CVE-2021-20294 POC - readelf stack overflow
https://ift.tt/BqvNVHt
Submitted January 22, 2023 at 10:14PM by NoPaleontologist7419
via reddit https://ift.tt/sQwMtuo
https://ift.tt/BqvNVHt
Submitted January 22, 2023 at 10:14PM by NoPaleontologist7419
via reddit https://ift.tt/sQwMtuo
GitHub
GitHub - tin-z/CVE-2021-20294-POC: Simple CVE-2021-20294 poc
Simple CVE-2021-20294 poc. Contribute to tin-z/CVE-2021-20294-POC development by creating an account on GitHub.
OSINT Search Engine | Cylect.io
https://cylect.io
Submitted January 23, 2023 at 11:30AM by brekfasbaksetz
via reddit https://ift.tt/ldKTjeG
https://cylect.io
Submitted January 23, 2023 at 11:30AM by brekfasbaksetz
via reddit https://ift.tt/ldKTjeG
Reddit
From the netsec community on Reddit: OSINT Search Engine | Cylect.io
Posted by [Deleted Account] - 38 votes and 2 comments
NSA CSI IPv6 Security Guidance
https://ift.tt/8bzIi5Z
Submitted January 23, 2023 at 01:42PM by sanitybit
via reddit https://ift.tt/YabNFEz
https://ift.tt/8bzIi5Z
Submitted January 23, 2023 at 01:42PM by sanitybit
via reddit https://ift.tt/YabNFEz
Streamlining incident response investigations with cloud relationship graphs
https://ift.tt/Ua8Nw1q
Submitted January 23, 2023 at 07:34PM by bobtbot
via reddit https://ift.tt/Xv5NpoI
https://ift.tt/Ua8Nw1q
Submitted January 23, 2023 at 07:34PM by bobtbot
via reddit https://ift.tt/Xv5NpoI
Steampipe
Streamlining incident response investigations with Steampipe relationship graphs | Steampipe Blog
Quickly visualize and identify attack paths an attacker could leverage. Relationship graphs provide an interactive visualization to navigate resource relationships and drill into asset details without authenticating into multiple accounts or jumping across…
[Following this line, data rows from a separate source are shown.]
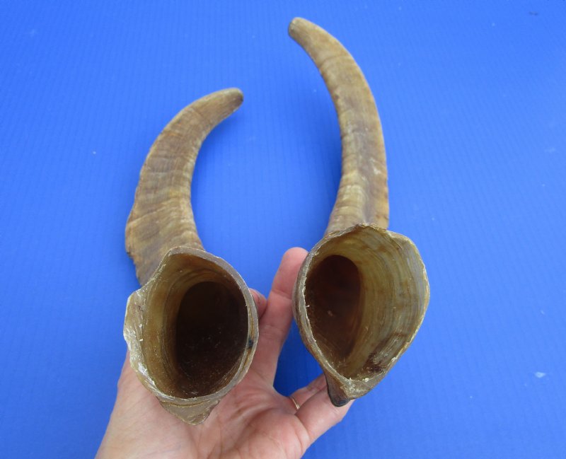 2 Raw African Goat Horns, 16-1/4 and 18 inches (1 right, 1 l left) for $14.00 each
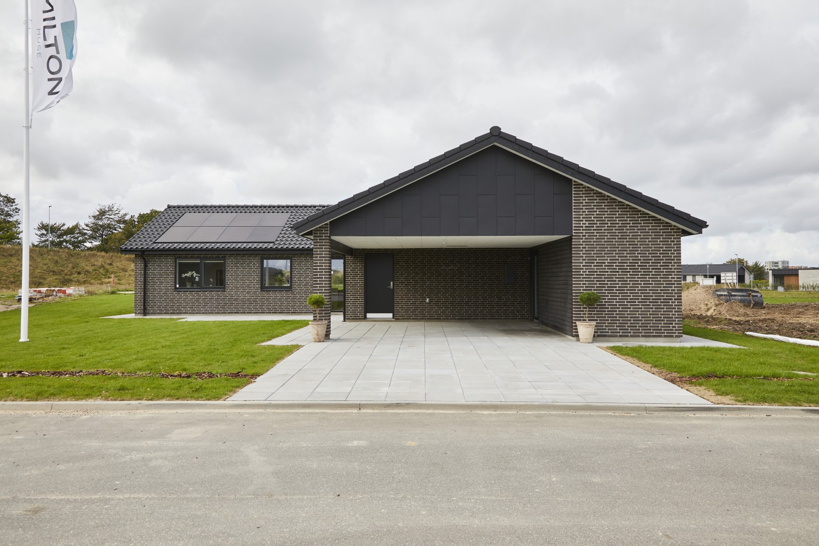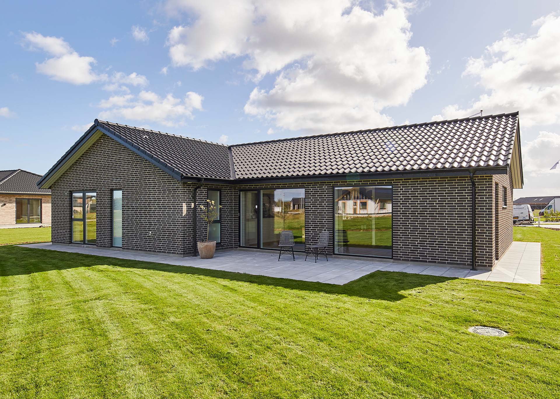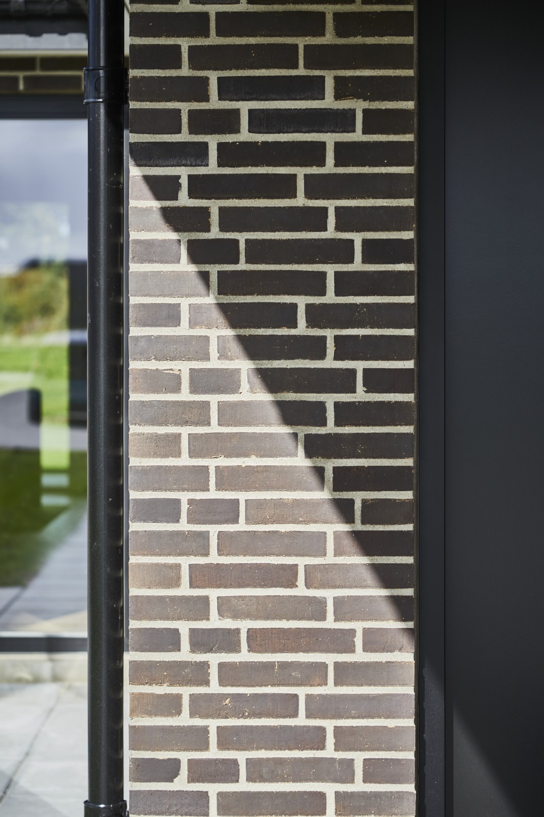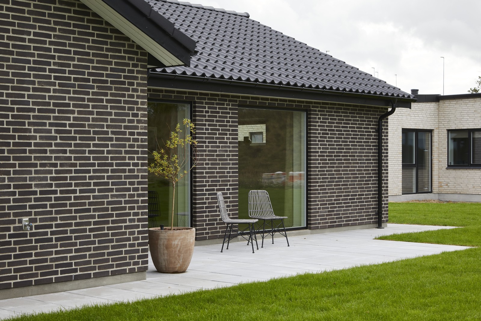 Det forskudte vinkelhus er en klassiker i det danske husbyggeri. Her er den udstyret med carport og et gedigent redskabsrum. Boligens forskudte vinkel opdeler grunden i en forhave og en mere privat baghave med to solrige terrasser mod syd og nordvest. Kombinationen af den sortbrune EW2543 Lyra mursten, de sorte vinduer og matchende tagrender giver villaen et harmonisk og nutidigt udtryk.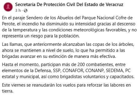 Xalapa, Ver.— Las labores para controlar el incendio forestal en el Parque Nacional Cofre de Perote registraron avances significativos, informó este jueves la gobernadora de Veracruz, Rocío Nahle, al compartir el más reciente comunicado emitido por la Secretaría de Protección Civil.
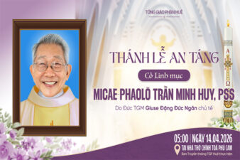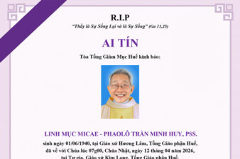 Cố Linh mục Micae – Phaolô Trần Minh Huy, PSS sinh ngày 01.06.1940 tại Huế, đã qua đời lúc 07g00 ngày Chúa Nhật 12.04.2026. Hưởng thọ: 86 tuổi, 54 năm Linh mục.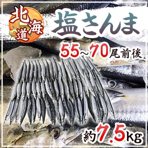 北海道産 ”塩さんま” 55〜70尾前後 約7.5kg サンマ 秋刀魚 送料無料(冷凍便)〈*北海道・沖縄:追加送料必要〉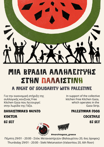 Gaza still lives under attack, under siege, under genocide. Palestinians continue to be killed from bullets and bombs, sleep in the ruins, die of the cold, struggle for their survival day by day, hour by hour. We stood and we will continue to stand by them. In Thursday 29/1 we are organising a night of solidarity with Palestine. With music, coctails and Palestinian food to support the Free Kitchen Gaza, a collective kitchen operating in the Gaza strip - and at the same time, openly declare that we are not forgetting and we will never forget Palestine.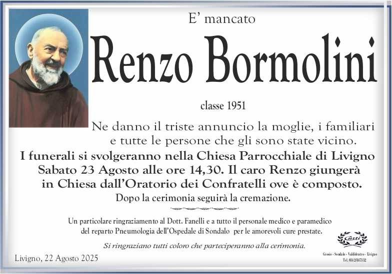 Lascia un messaggio di cordoglio, lo recapiteremo ai familiari di bormolini renzo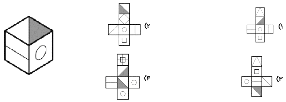 سوال 340. کدام گزینه گسترده صحیح مکعب رو به رو خواهد بود؟

A step-by-step introduction to the use of ROP gadgets to bypass DEP
https://ift.tt/tYdPFON
Submitted January 23, 2023 at 08:34PM by CyberMasterV
via reddit https://ift.tt/9jTGaYs
https://ift.tt/tYdPFON
Submitted January 23, 2023 at 08:34PM by CyberMasterV
via reddit https://ift.tt/9jTGaYs
2FA Day FTW
https://2fa.day
Submitted January 23, 2023 at 10:12PM by intosec
via reddit https://ift.tt/hG0QZdx
https://2fa.day
Submitted January 23, 2023 at 10:12PM by intosec
via reddit https://ift.tt/hG0QZdx
2FA Day
2nd of FebruAry is 2FA Day
2FA Day on 2nd of FebruAry promotes two-factor authentication to enhance online security. It raises awareness about the importance of an extra security layer.